### WHAT TO PRODUCE
Below are some records. Return exactly their lines from the one containing "Then, I started" through the one containing "开学典礼上,南海翰林实验学校", and drop the pictures.

### SOURCE INFORMATION
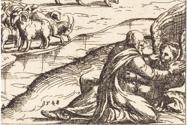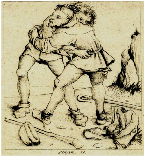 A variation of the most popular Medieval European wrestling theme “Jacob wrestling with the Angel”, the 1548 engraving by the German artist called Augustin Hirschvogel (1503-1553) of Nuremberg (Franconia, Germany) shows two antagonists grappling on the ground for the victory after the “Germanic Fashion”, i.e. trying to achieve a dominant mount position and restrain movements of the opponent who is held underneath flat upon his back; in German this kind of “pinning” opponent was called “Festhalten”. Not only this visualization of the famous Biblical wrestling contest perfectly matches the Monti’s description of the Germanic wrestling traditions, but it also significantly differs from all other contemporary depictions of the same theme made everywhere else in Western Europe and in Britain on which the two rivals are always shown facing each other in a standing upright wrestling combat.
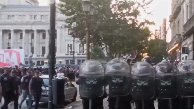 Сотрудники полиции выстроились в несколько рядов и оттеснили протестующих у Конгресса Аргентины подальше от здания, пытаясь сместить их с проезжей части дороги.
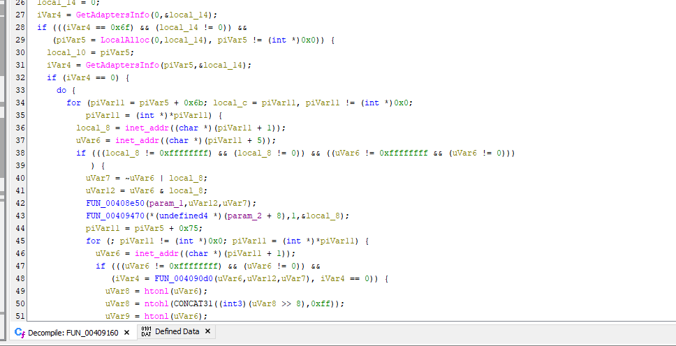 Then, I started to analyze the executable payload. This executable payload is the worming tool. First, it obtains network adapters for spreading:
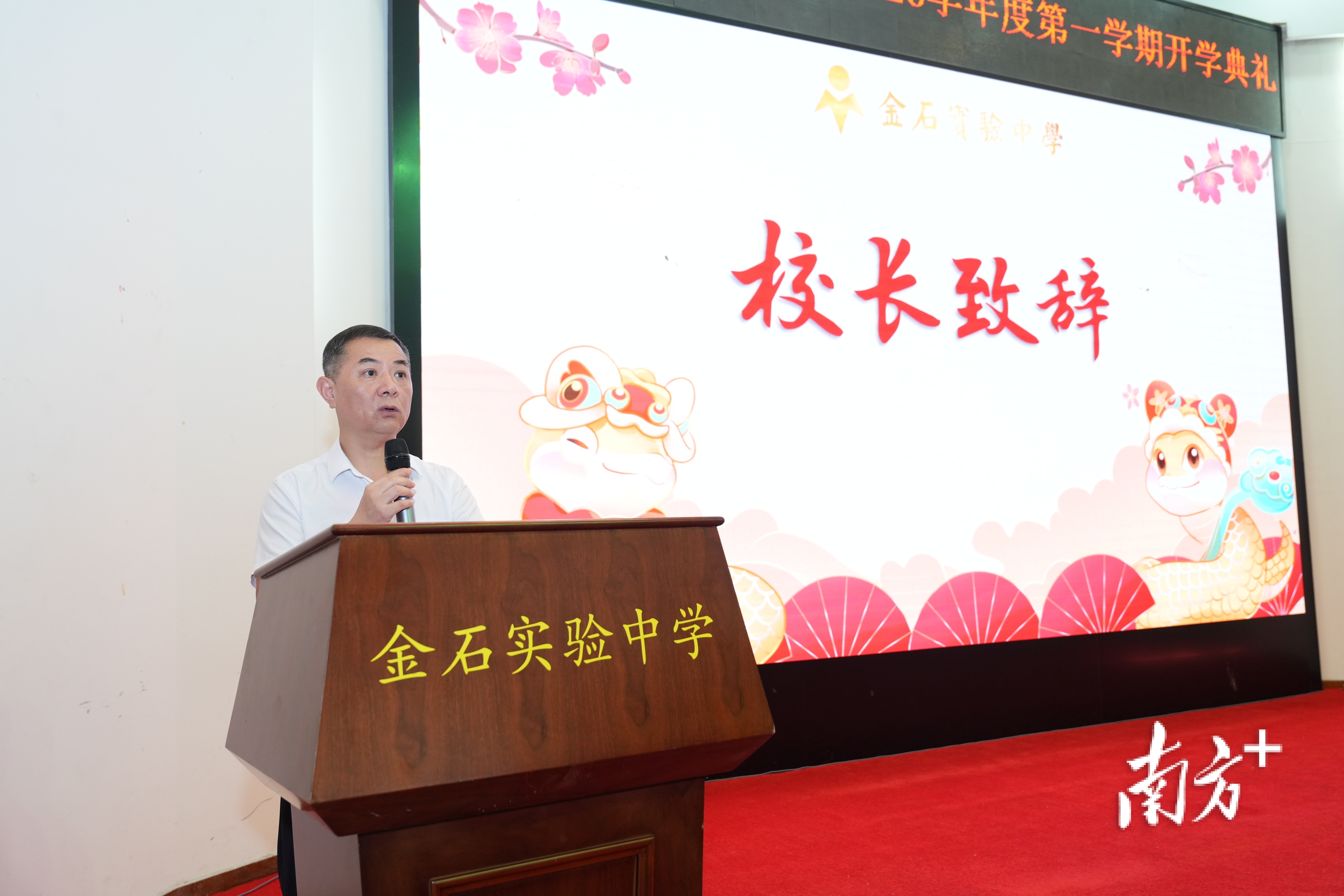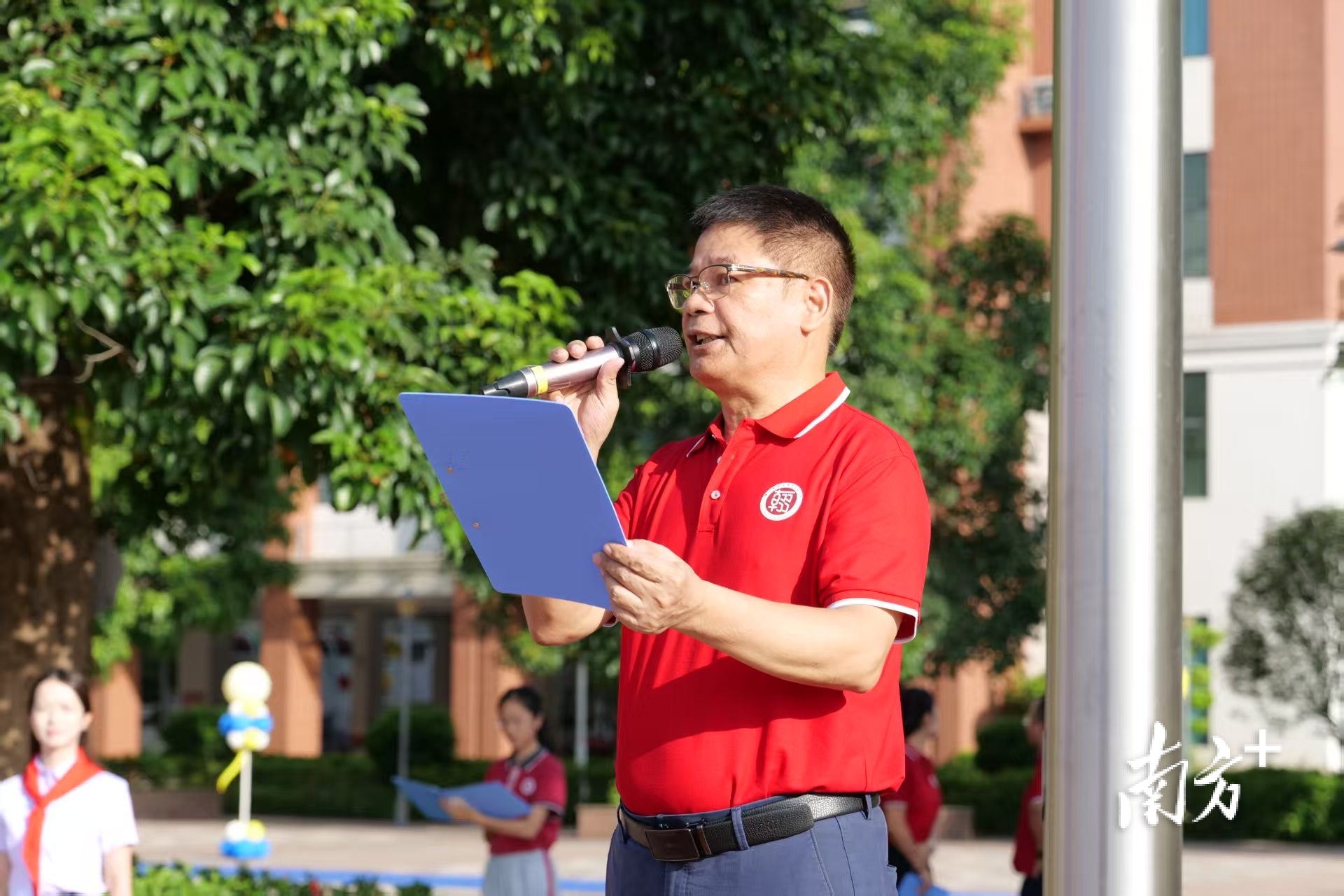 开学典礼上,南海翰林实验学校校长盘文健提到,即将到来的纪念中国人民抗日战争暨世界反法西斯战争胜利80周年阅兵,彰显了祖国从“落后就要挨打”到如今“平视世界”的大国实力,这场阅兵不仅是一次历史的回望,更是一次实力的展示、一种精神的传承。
--
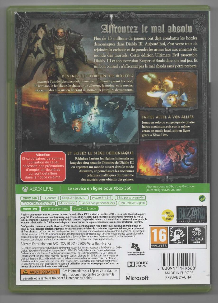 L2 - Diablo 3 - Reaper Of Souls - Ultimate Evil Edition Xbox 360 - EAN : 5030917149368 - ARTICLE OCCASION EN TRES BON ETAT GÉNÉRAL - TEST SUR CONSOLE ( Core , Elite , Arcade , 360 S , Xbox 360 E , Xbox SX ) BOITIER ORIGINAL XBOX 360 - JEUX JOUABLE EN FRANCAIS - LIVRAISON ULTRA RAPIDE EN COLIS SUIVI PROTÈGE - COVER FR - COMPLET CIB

### SOLUTION BELOW
 Then, I started to analyze the executable payload. This executable payload is the worming tool. First, it obtains network adapters for spreading:
 开学典礼上,南海翰林实验学校校长盘文健提到,即将到来的纪念中国人民抗日战争暨世界反法西斯战争胜利80周年阅兵,彰显了祖国从“落后就要挨打”到如今“平视世界”的大国实力,这场阅兵不仅是一次历史的回望,更是一次实力的展示、一种精神的传承。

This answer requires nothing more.